*GIVEN INFORMATION:*
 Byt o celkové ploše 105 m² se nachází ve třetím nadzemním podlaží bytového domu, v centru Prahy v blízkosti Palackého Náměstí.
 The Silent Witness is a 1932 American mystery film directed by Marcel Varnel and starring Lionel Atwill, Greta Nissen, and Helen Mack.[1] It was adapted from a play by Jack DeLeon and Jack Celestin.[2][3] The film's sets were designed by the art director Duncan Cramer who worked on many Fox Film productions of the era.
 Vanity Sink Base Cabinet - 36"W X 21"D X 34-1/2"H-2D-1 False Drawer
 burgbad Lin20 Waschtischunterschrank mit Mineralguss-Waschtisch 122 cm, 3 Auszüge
==
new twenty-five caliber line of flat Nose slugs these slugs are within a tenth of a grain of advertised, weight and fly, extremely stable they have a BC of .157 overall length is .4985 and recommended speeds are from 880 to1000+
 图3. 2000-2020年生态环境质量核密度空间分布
==
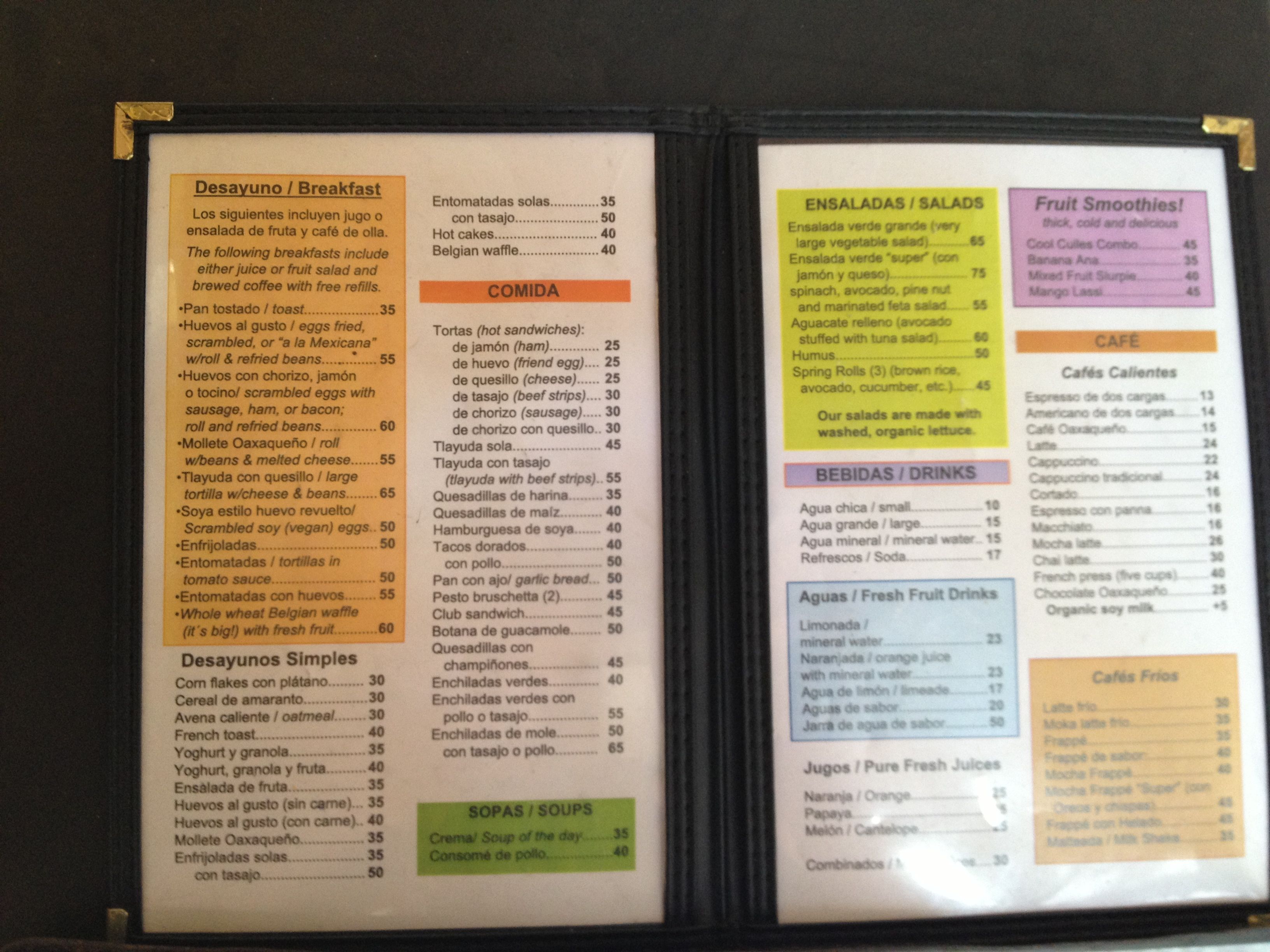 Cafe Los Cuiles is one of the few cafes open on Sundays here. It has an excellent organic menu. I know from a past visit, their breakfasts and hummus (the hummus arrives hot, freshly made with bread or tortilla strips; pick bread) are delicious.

*YOUR ASSIGNMENT:* Copy out only the lines of the records above from the one with "Byt o celkové" through the one with "burgbad Lin20 Waschtischunterschrank", exactly as they stand, both included.

*RESPONSE AREA:*
 Byt o celkové ploše 105 m² se nachází ve třetím nadzemním podlaží bytového domu, v centru Prahy v blízkosti Palackého Náměstí.
 The Silent Witness is a 1932 American mystery film directed by Marcel Varnel and starring Lionel Atwill, Greta Nissen, and Helen Mack.[1] It was adapted from a play by Jack DeLeon and Jack Celestin.[2][3] The film's sets were designed by the art director Duncan Cramer who worked on many Fox Film productions of the era.
 Vanity Sink Base Cabinet - 36"W X 21"D X 34-1/2"H-2D-1 False Drawer
 burgbad Lin20 Waschtischunterschrank mit Mineralguss-Waschtisch 122 cm, 3 Auszüge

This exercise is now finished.